Brief: Restate the records that follow word for word. Omit the images.

Data for this exercise:
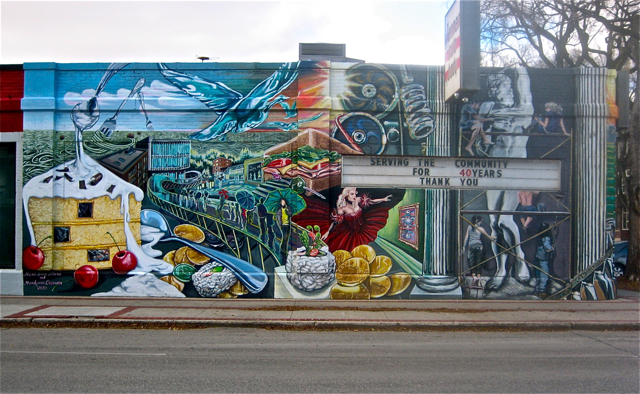 This mural by Larry Rich graces an outer wall of the “Long and McQuade” store in Winnipeg. Here’s the rest of it.
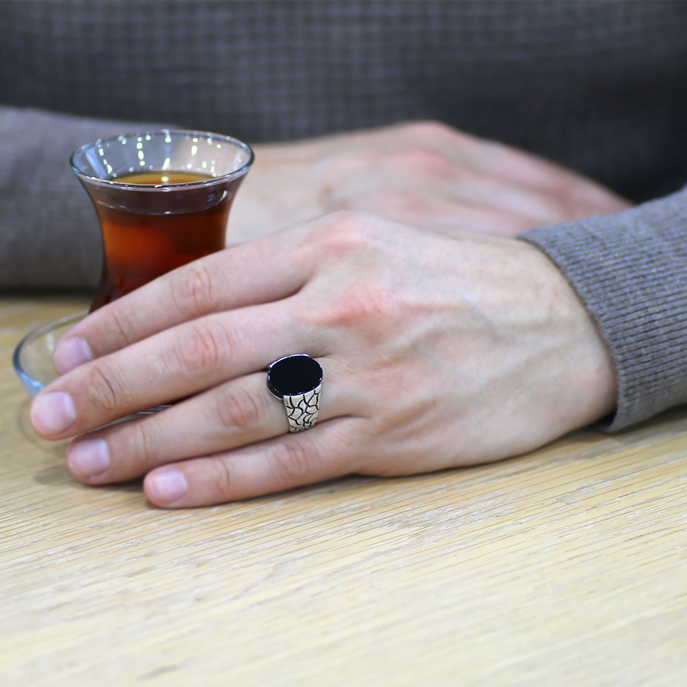 Oval Oniks Taşlı Delta Tasarım 925 Ayar Gümüş Erkek Yüzük
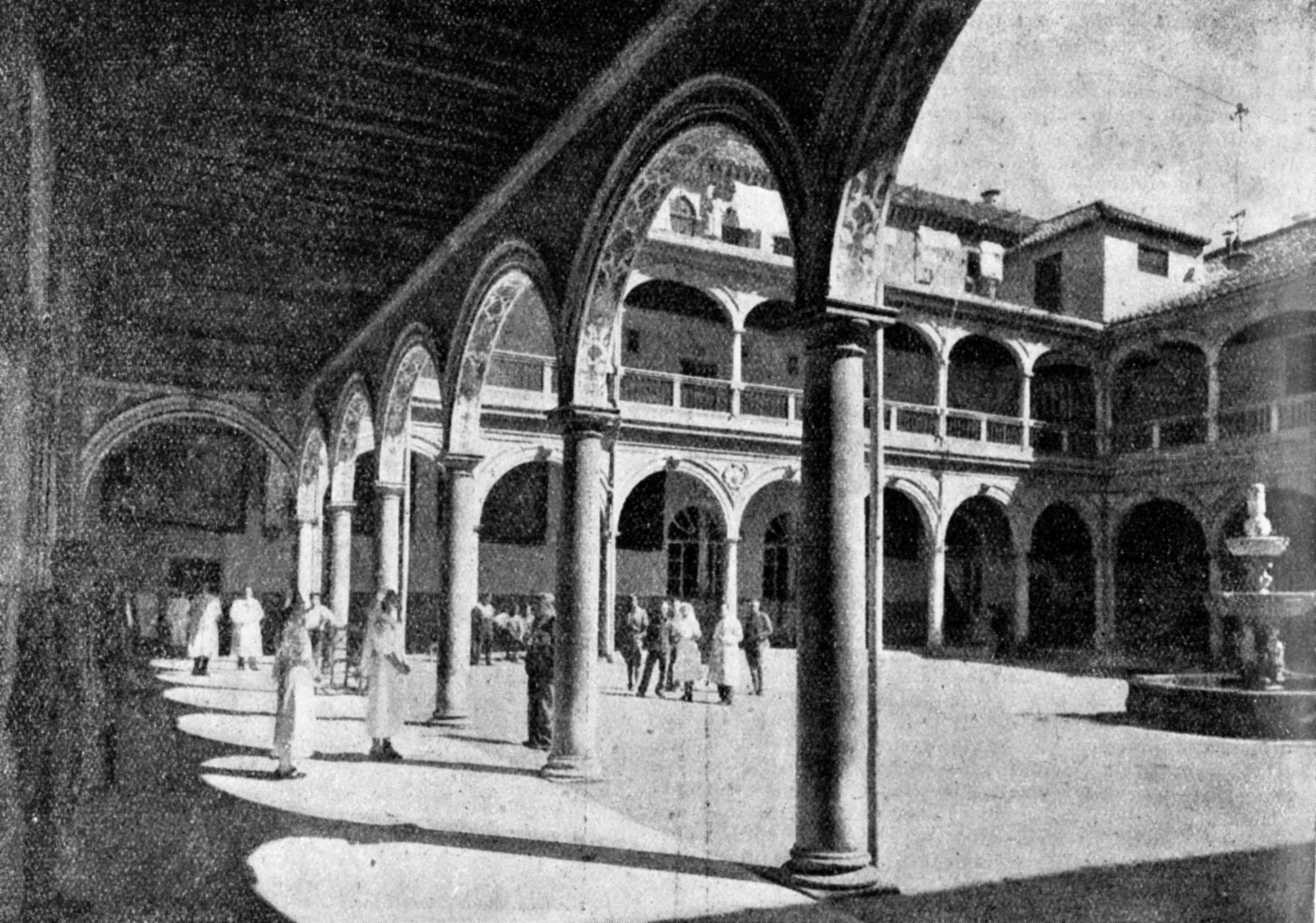 El patio del Hospital San Juan de Dios, casa solariega de la Escuela médica granadina. Consejo General Colegios Médicos España, apr. 1950, p. 26
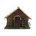 Capanna con lanterna e Natività. Alimentazione a batteria. Dimensioni: 16 x 10 x 14 cm. Materiali: legno, sughero e plastica. Realizzato artigianalmente in Italia.
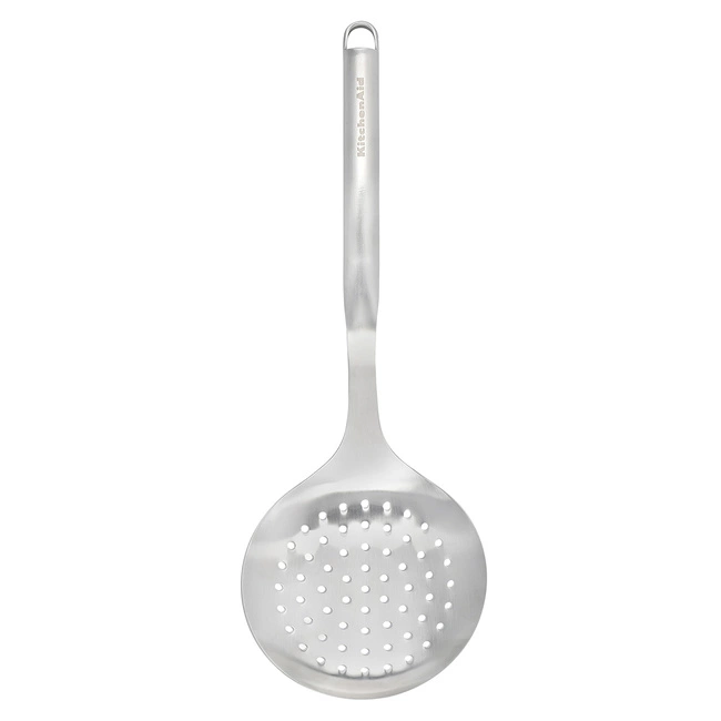 - Wytrzymała łyżka cedzakowa KitchenAid z wysokiej jakości stali nierdzewnej – idealna do odcedzania i serwowania Twoich ulubionych potraw.
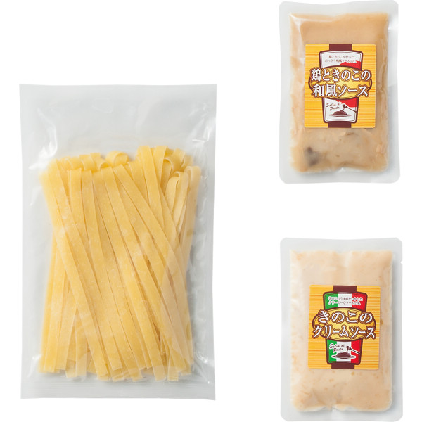 内容:生パスタ100g×4・きのこクリームソース、きのこと蒸し鶏の和風ソース各130g×各2

Solution for this task:
 This mural by Larry Rich graces an outer wall of the “Long and McQuade” store in Winnipeg. Here’s the rest of it.
 Oval Oniks Taşlı Delta Tasarım 925 Ayar Gümüş Erkek Yüzük
 El patio del Hospital San Juan de Dios, casa solariega de la Escuela médica granadina. Consejo General Colegios Médicos España, apr. 1950, p. 26
 Capanna con lanterna e Natività. Alimentazione a batteria. Dimensioni: 16 x 10 x 14 cm. Materiali: legno, sughero e plastica. Realizzato artigianalmente in Italia.
 - Wytrzymała łyżka cedzakowa KitchenAid z wysokiej jakości stali nierdzewnej – idealna do odcedzania i serwowania Twoich ulubionych potraw.
 内容:生パスタ100g×4・きのこクリームソース、きのこと蒸し鶏の和風ソース各130g×各2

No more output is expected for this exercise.